Here’s Why Our Monetary System is a Giant Ponzi Scheme
Ponzi schemes keep going until the perpetrator is stopped from the outside. They never stop by of their own volition. Bernie Madoff kept going until it all blew up.
In the year 2000 the Nasdaq composite exceeded a P/E of 200 before collapsing 78% by October 2002. The more successful a Ponzi the more egregious the bubble and resultant pain. The granddaddy of Ponzi — far greater than anything we’ve seen before — is our monetary system.
Let’s consider what money is. It is a technology that allows us to produce and consume not just in the present but across time.
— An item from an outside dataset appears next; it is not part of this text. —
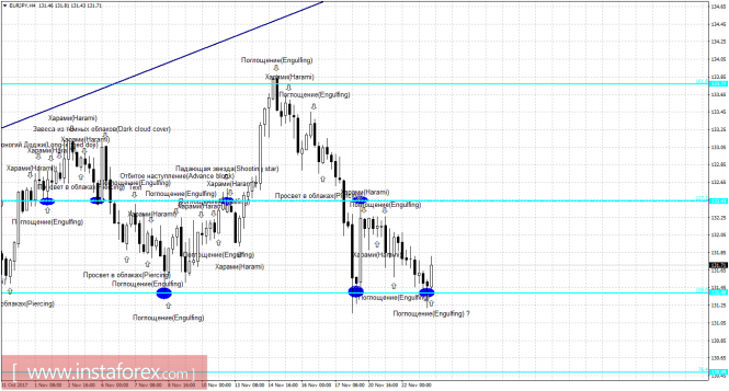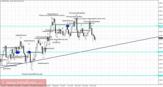 Свечной анализ EUR/JPY на 23 ноябряИнстаФорекс - Instaforex, 7 лет назад 4h Котировки пары EUR/JPY выполнили падение на 4-часовом графике к уровню коррекции 100,0% - 131,40, однако отбой от этого уровня Фибо позволил выполнить разворот в пользу европейской валюты и начать процесс роста в направлении коррекционного уровня 127,2% - 132,43. Образование 23 ноября бычьей формации повысит шансы пары на некоторый рост котировок. Закрепление пары под уровнем Фибо 100,0% повысит вероятность дальнейшего падения в направлении следующего уровня коррекции 76,4% - 130,49. Сетка Фибо построена по экстремумам от 2 августа 2017 года и 18 августа 2017 года. Daily На 24-часовом графике, после образования новой медвежьей формации «Поглощение», падение пары продолжается в направлении коррекционного уровня Фибо 161,8% - 129,81. Образование бычьей свечной формации будет трактоваться как трендовый сигнал, так как равноудаленный канал имеет направление «вверх», и позволит рассчитывать на разворот пары в пользу валюты ЕС и некоторый рост в направлении уровня коррекции 200,0% - 133,32. Закрепление курса пары над уровнем Фибо 200,0% сработает в пользу продолжения роста в направлении следующего коррекционного уровня 261,8% - 139,01. Сетка Фибо построена по экстремумам от 15 декабря 2016 года и 17 апреля 2017 года. Материал предоставлен компанией InstaForex - www.instaforex.com |

It is, for this reason, that it needs to provide both a medium of exchange as well as a store of value. If for example a transaction needs to be made over a crop cycle then the value of the money needs to remain sufficiently stable over that time frame to allow the participants to make an exchange and not come out underwater. This benefits neither party to the transaction because, while in the short term party A may get an excellent deal from party B, if the deal is so “excellent” as to bankrupt party B, then no future commerce will be done and overall production declines causing less supply and a fall in the overall standard of living.
The money needs to be useful to both parties. In prisons they use cigarettes. Even if you don’t smoke enough inmates do and the cigarettes don’t change (consistency) and so they form a money.
Of course, over time we’ve used all sorts of things used as money: gold, silver, copper, even slaves. At primary school I used to use marbles and Garbage Pail Kids (ah, those were the days).